2. Karena Undang-undang
Adanya hubungan hukum yang muncul karena Undang-undang.
 Utang Pajak
 Utang Pajak :
Utang yang timbul secara khusus karena negara (kreditur) terikat dan tidak dapat memilih secara bebas siapa yang akan dijadikan debiturnya.

 Lahirnya Utang Pajak
Dikenal 2 (dua) ajaran) :
1. Ajaran Material
Utang pajak timbul dengan sendirinya karena terpenuhinya syarat subjektif dan syarat objektif.
2. Ajaran Formal
Utang pajak timbul karena perbuatan dari aparatur pajak untuk mengeluarkan Surat Ketetapan Pajak.
 Pemungutan Pajak
1. Stelsel Riil (Nyata)
Pengenaan pajak yang didasarkan pada keadaan objek pajak yang sesungguhnya.

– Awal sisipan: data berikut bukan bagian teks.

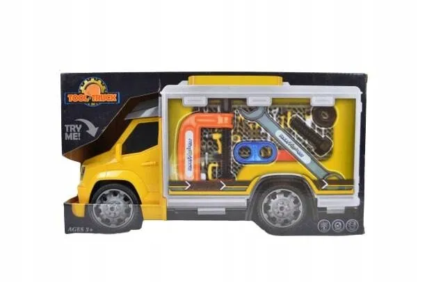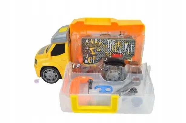 Fantastyczny mobilny warsztat samochodowy Tool Truck to idealna zabawka dla małych mechaników! Żółta ciężarówka z przezroczystą skrzynią ładunkową kryje w sobie kompletny zestaw narzędzi warsztatowych.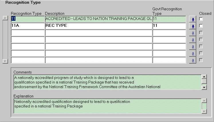 The purpose of this function is to maintain institution-defined recognition types. Each Recognition type is mapped to a Government Recognition Type. Recognition Types are used to distinguish courses by their level of recognition within the VET sector. |

2. Stelsel Fiktif (Anggapan)
Pengenaan pajak yang didasarkan pada suatu anggapan tertentu.
3. Stelsel Campuran
Pengenaan pajak yang didasarkan pada sistem fiksi yang kemudian ditetapkan berdasarkan keadaan penghasilan yang sesungguhnya diterima.
 Pengenaan Pajak
1. Official Assessment System
Suatu sistem pengenaan pajak yang memberi wewenang kepada pemerintah untuk menentukan besarnya pajak yang terutang oleh wajib pajak.
2. Self Assessment System
Suatu sistem pengenaan pajak yang memberi wewenang kepada wajib pajak untuk menentukan sendiri besarnya pajak yang terutang.
3. With Holding System
Sistem pengenaan pajak yang memberi wewenang kepada pihak ketiga (bukan fiskus dan bukan WP)
 Hapusnya Utang Pajak
 Hapusnya Perikatan
Hapusnya perikatan menurut Pasal 1381 KUHPdt
1. Pembayaran
2. Penawaran pembayaran yang diikuti dengan penitipan
3. Pembaharuan utang
4. Kompensasi utang
5. Percampuran utang
6. Pembebasan utang
7. Musnahnya barang yang terutang
8. Pembatalan atau batal demi hukum
9. Dipenuhinya syarat batal
10. Daluwarsa
 Hapusnya Utang Perikatan yang tidak bisa dikenakan kepada Pajak
1. Konsinyasi
2. Pembaharuan utang
3. Percampuran utang
4. Musnahnya barang
5. Dipenuhi syarat batal
 Hapusnya Utang Pajak
1. Pembayaran
2. Kompensasi Utang
3. Pembebasan Utang
4. Pembatalan
5. Daluwarsa



PERTEMUAN 7
• Tata Cara Penagihan dan Penagihan Pajak dengan Surat Paksa
• Tata Cara Penagihan
• 1. Surat Tagihan Pajak
• Diterbitkan dalam jangka waktu 1 (satu) bulan sejak tanggal diterbitkannya Surat Tagihan tersebut.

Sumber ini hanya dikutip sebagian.